As the movie progresses, as does their love, Resham asks her father (Behroz Subzwari) to meet Adam to decide their fate. Let’s just say the first impression does not sit well, and Resham’s father tells Adam to stay in a camp outside his house until he earns his trust. Unfortunately, Adam must return home to look after his ailing mother.
Filmmakers need to understand just how essential location can be to a movie, as visually scenic scenes are usually the highlight of any movie. Chalay Thay Saath is beautifully shot, and a great documentary on Hunza, Giglit, and the northern areas of Pakistan, but when it comes to viewing it as an actual movie, it lacks a lot. The dialogue is average, albeit fresh. However, they are easily forgettable.
In terms of music, Chalay Thay Saath has a brilliant score as it’s fresh for Pakistani film. Conversely, music cannot make a movie great as it requires more than just appealing sounds.
As for the direction, it is evidently decent; Adil has enacted the aesthetic beauty of the north remarkably.
Performance wise, Chalay Thay Saath doesn’t showcase any impeccable and bravura performances. Shahroz gives a good performance and looks gorgeous on-screen, but she wasn’t given any opportunities to prove her mettle as a performer. Kent is fresh and innocent; he effortlessly pulls off his character. Khalid has a very strong screen presence and is good “hero-material”. Pasha performs affably well, but she seems to go overboard in a few of her scenes. Tahir played his part decently also. Subzwari is just average, maybe a little more persuasiveness on his part could have gone a long way.

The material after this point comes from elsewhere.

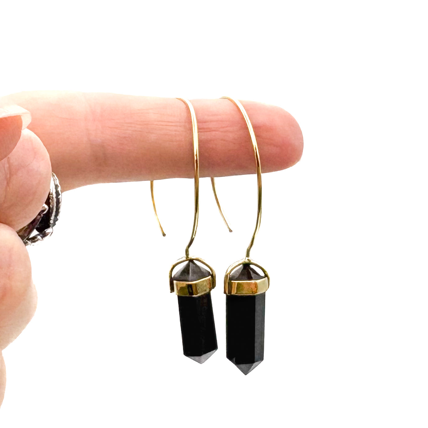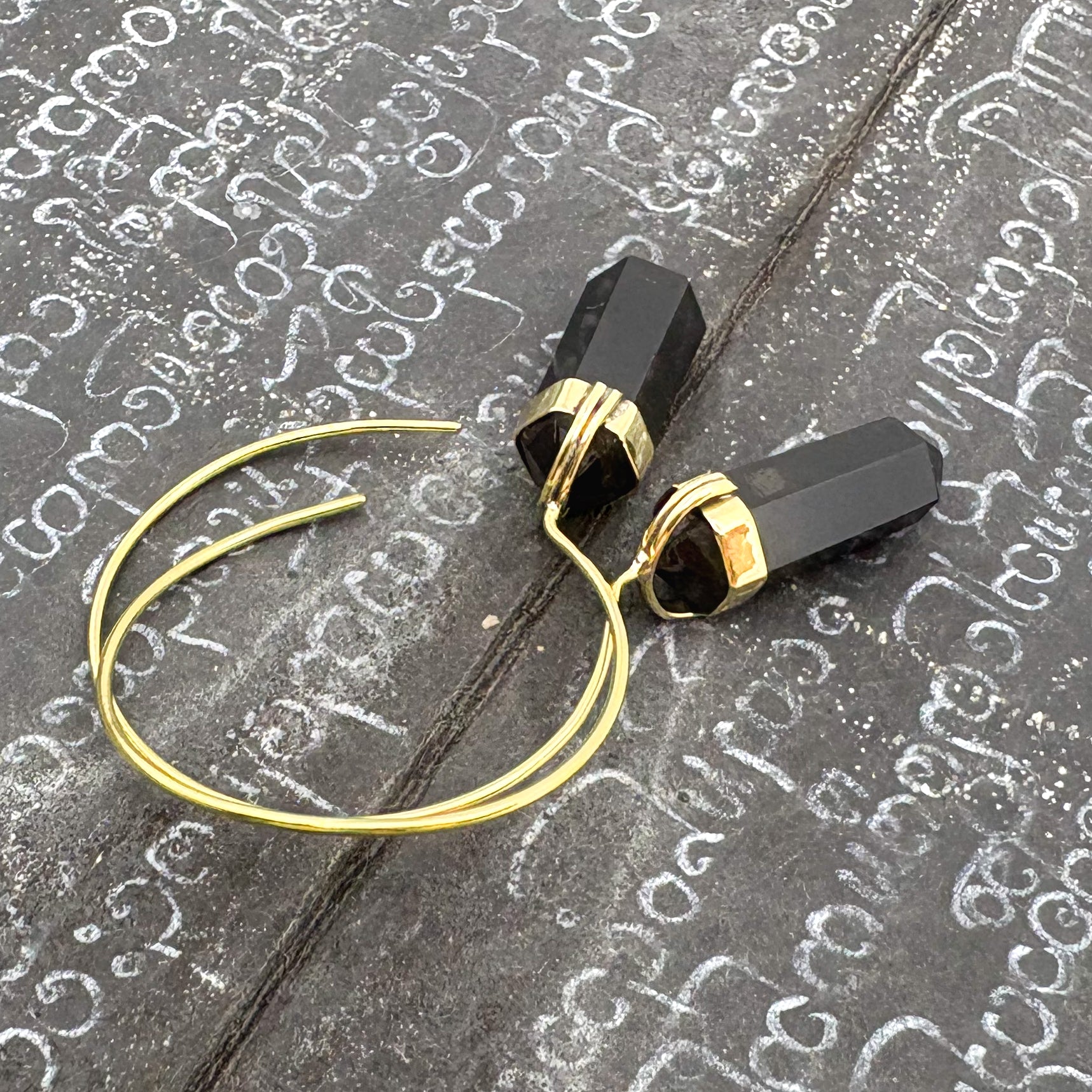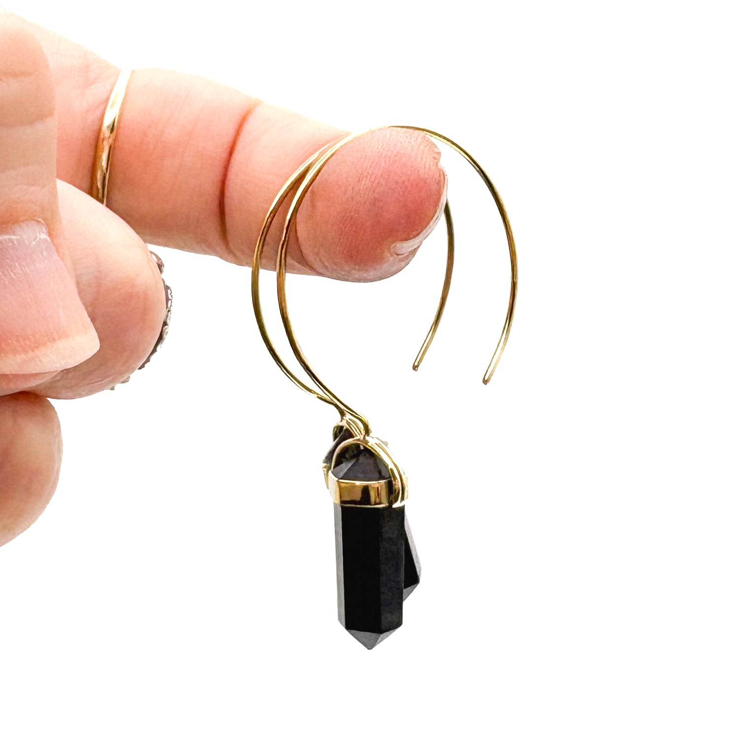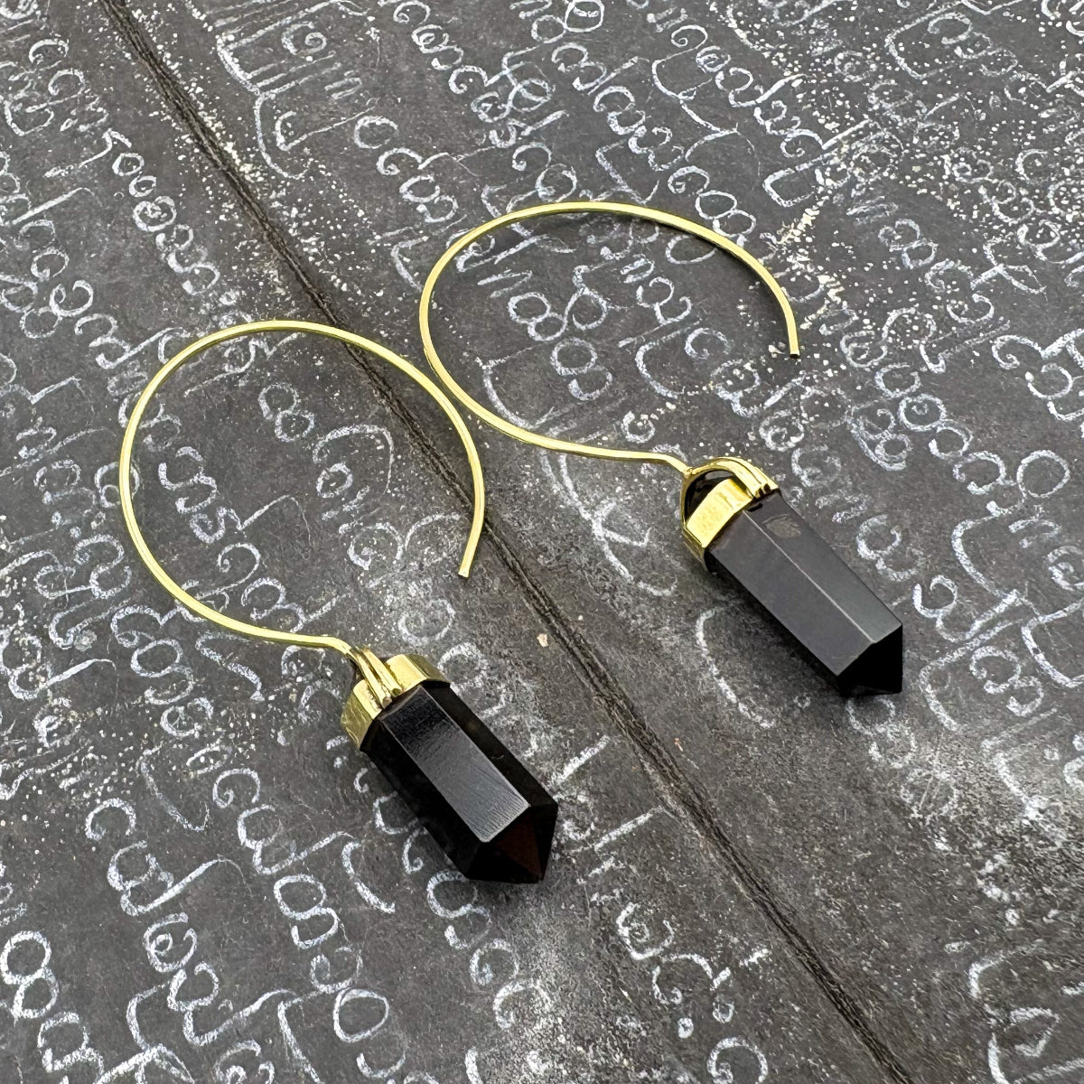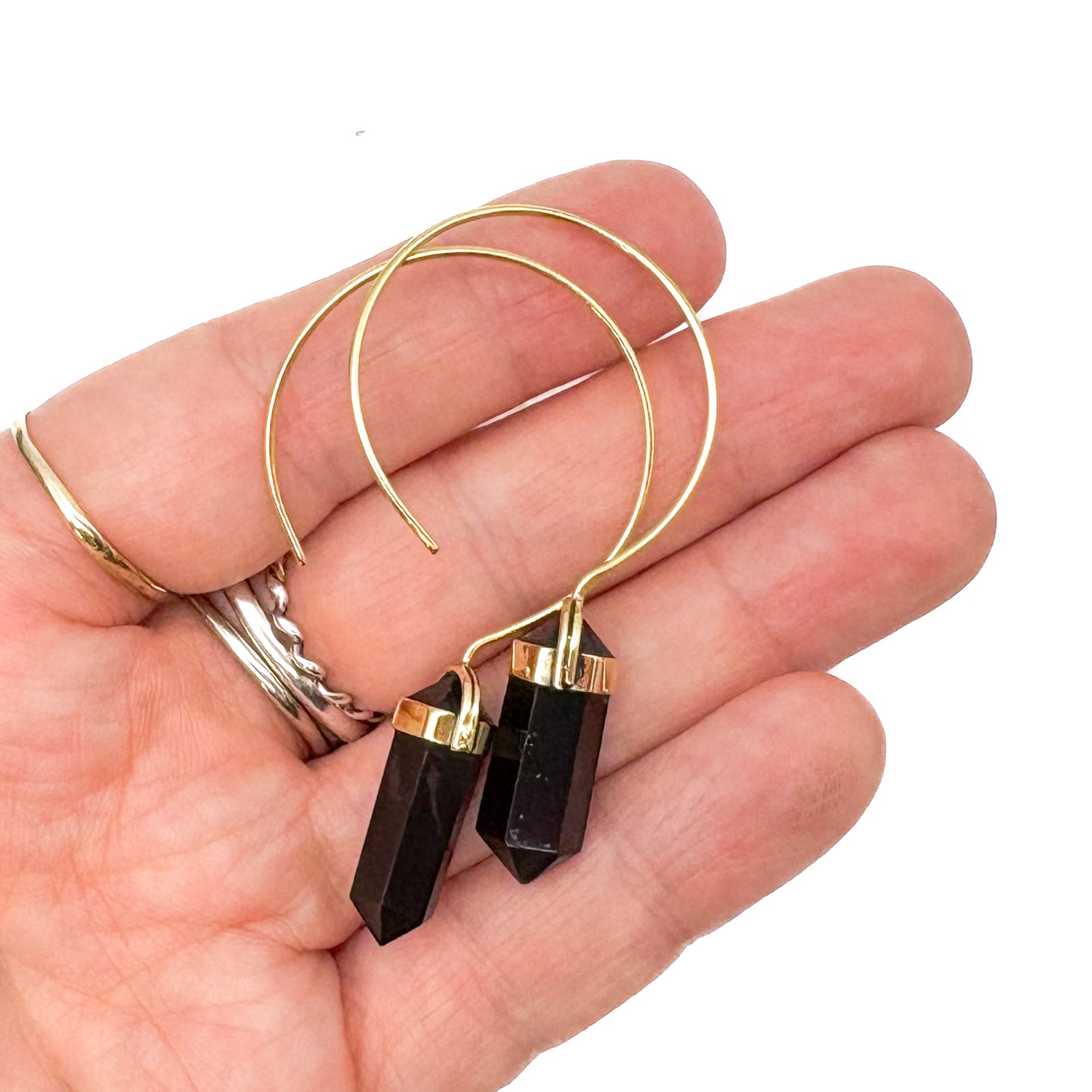 Black Tourmaline Crystal Point Brass Hoop Earrings

Chalay Thay Saath is the kind of film that makes you feel good because of its theme and how visually appealing it is. However, it does drag on quite a bit and it isn’t exactly believable at some points. For a 28-year-old girl who is apparently a doctor, some of Sharoz’s scenes are hard to digest. Thus, it offers little, if any repeat value. At the box office, it will definitely have to face a rough sail.